期刊
EXPERT SYSTEMS WITH APPLICATIONS
卷 38, 期 3, 页码 1464-1467出版社
PERGAMON-ELSEVIER SCIENCE LTD
DOI: 10.1016/j.eswa.2010.07.055
关键词
Interval-valued intuitionistic fuzzy sets; Accuracy function; Arithmetic; Geometric aggregation operators; Multi-criteria fuzzy decision-making
Out of several generalizations of fuzzy set theory for various objectives, the notions introduced by Atanassov (1983) and Atanassov and Gargov (1989) in defining intuitionistic fuzzy sets and interval-valued intuitionistic fuzzy sets are interesting and very useful in modeling real life problems.

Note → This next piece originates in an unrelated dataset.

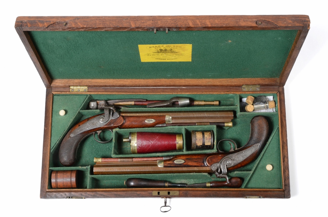 A good pair of 19th Century percussion target/duelling pistols by Strowse of Brompton (Kent) were the top lot in the Militaria and Ethnographica Sale at Tennants on 8th March. With octagonal twist-steel barrels and foliate engraving to the breech, tang and hammer, this good pair sold for £3,200 (plus buyer’s premium). A further pair of 19th Century percussion duelling/officer’s pistols also sold well. Made by William Chance and Son, the pair sold for £2,200 plus buyer’s premium.

Ranking of interval-valued intuitionistic fuzzy sets plays a vital role in decision-making, data analysis, artificial intelligence and socioeconomic system and it was studied in Xu (2007c), Xu and Chen (2007a) and Ye (2009). In this paper a new method for ranking interval-valued intuitionistic fuzzy sets has been introduced and studied. The method is illustrated by numerical examples and compared with other methods. And then a new method for handling multi-criteria fuzzy decision-making problems based on interval-valued intuitionistic fuzzy sets is presented in which criterion values for alternatives are interval-valued intuitionistic fuzzy sets. The method proposed here can provide a useful way to efficiently help the decision-maker to make his decision. An illustrative example is given to verify the developed approach and to demonstrate its practicality and effectiveness. (C) 2010 Elsevier Ltd. All rights reserved.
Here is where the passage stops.